Since the GPT-4 era, proprietary LLMs have emphasised their multimodal prowess. Much like long context windows, open source models have generally lagged behind on this front, but Meta looks set to release multimodal capabilities in its next Llama 3 iterations.


Inference Costs

Proprietary LLMs are getting cheaper. There's always been a price war going on between major providers as they fight to capture market share, and this continues to intensify.

Today (August 12th), Google are slashing the price of Gemini 1.5 Flash by 75%. This is entirely independent of the potential 75% saving on input token costs using context caching, as discussed above.

💡
The compounded effect of Gemini's price cuts with context caching will be a 94% cost reduction for cacheable input token costs

Other cost saving strategies such as batch inference — supported by both Google and OpenAI — offer 50% savings over the standard rates for time-insensitive inference use cases.

I'm reluctant to share price calculations comparing inference costs for proprietary LLM APIs versus self-hosted open source models, because they depend on a multitude of ever-changing factors and they will immediately become outdated. But anecdotally, the previous generations of leading proprietary models were often prohibitively expensive for inference at scale, but the new wave of smaller-cheaper-faster proprietary models are extremely competitive.

The big commercial players are offering their services at below cost and they benefit from economies of scale. What's more, it's no secret that the major providers sometimes offer further discounts on the public pricing to companies to win their business. Even if you ignore the labour overheads of maintaining your own infrastructure, unless you're using much smaller and weaker open source models, or somehow have access to underpriced GPUs, you'll likely find yourself paying more to self-host.
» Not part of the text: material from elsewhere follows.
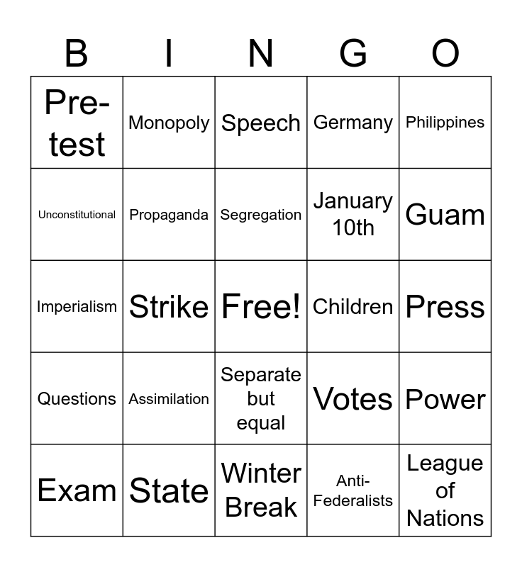 This bingo card has a free space and 29 words: Exam, Submarine, Strike, Senators, Pre-test, Speech, Propaganda, Assimilation, Children, State, Press, League of Nations, Winter Break, Anti-Federalists, Guam, Muckraker, Separate but equal, Questions, Philippines, Imperialism, Votes, Women, January 10th, Unconstitutional, Germany, Monopoly, Power, Segregation and Discrimination.

So Which Option Is Best for Me?

In summary, proprietary and open source LLMs are converging towards similar model sizes, speeds, capabilities, characteristics, and feature sets.
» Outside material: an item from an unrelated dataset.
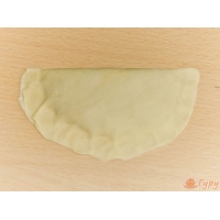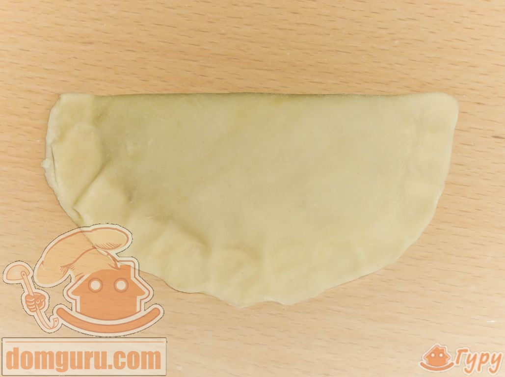 Теперь нужно вновь вернуться к фаршу: замешиваем в него лук, зелень, перец, соль и заливаем бульон. Готовый фарш раскладываем на серединки лепёшек, которые предварительно скалкой необходимо довести до нужной степени тонкости. Лепёшки аккуратно сгибаем пополам, стараясь не порвать. Края надо красиво и плотно защипнуть, а затем обрезать, чтобы они стали ровными.

It's hard to overstate Meta's contributions towards levelling the playing field between open and private models. Meta are deploying the skills and resources typically only possessed by well-capitalised proprietary LLM companies, all to the benefit of the open source community. The result is, whether you're self-hosting a state of the art LLM or paying a commercial provider, under the hood, the models are fundamentally similar with respect to architecture and the way they were trained.

Who knows what secret sauce the leading commercial providers are withholding. Rumours abound about OpenAI's Q* project and its alleged AGI capabilities. It could be that we're temporarily experiencing a convergence in public and private model capabilities before the frontier is pushed out yet again by a release worthy of the GPT-5 moniker.

There will always be use cases for self-hosted, open source models. Privacy may be a concern. Proprietary LLMs may refuse to assist with controversial tasks. Some products require fast time-to-first-token generation, which may necessitate on-device models. Tinkerers experimenting with LLMs on their own hardware will always have a preference for self-hosting, unless proprietary services really do reach the point of "intelligence too cheap to meter".

The current wave of affordable proprietary LLMs are particularly compelling to anyone who doesn't want to maintain their own infrastructure and manage the complexities of efficient model serving. This will be true of most non-tech companies, who want to incorporate generative AI into their business, but lack the engineering expertise to deploy their own models.

Tech-savvy companies with bespoke requirements and a willingness to make committed investments into in-house solutions may still reap superior results from systems built around open models. But unlike at the beginning of 2024, it's now much harder to self-host with a better opex profile than using a proprietary service.

There's no clear winner yet in the great proprietary versus open source LLM debate. Both are still riding the unrelenting wave of AI progress, and neither looks to be slowing down any time soon.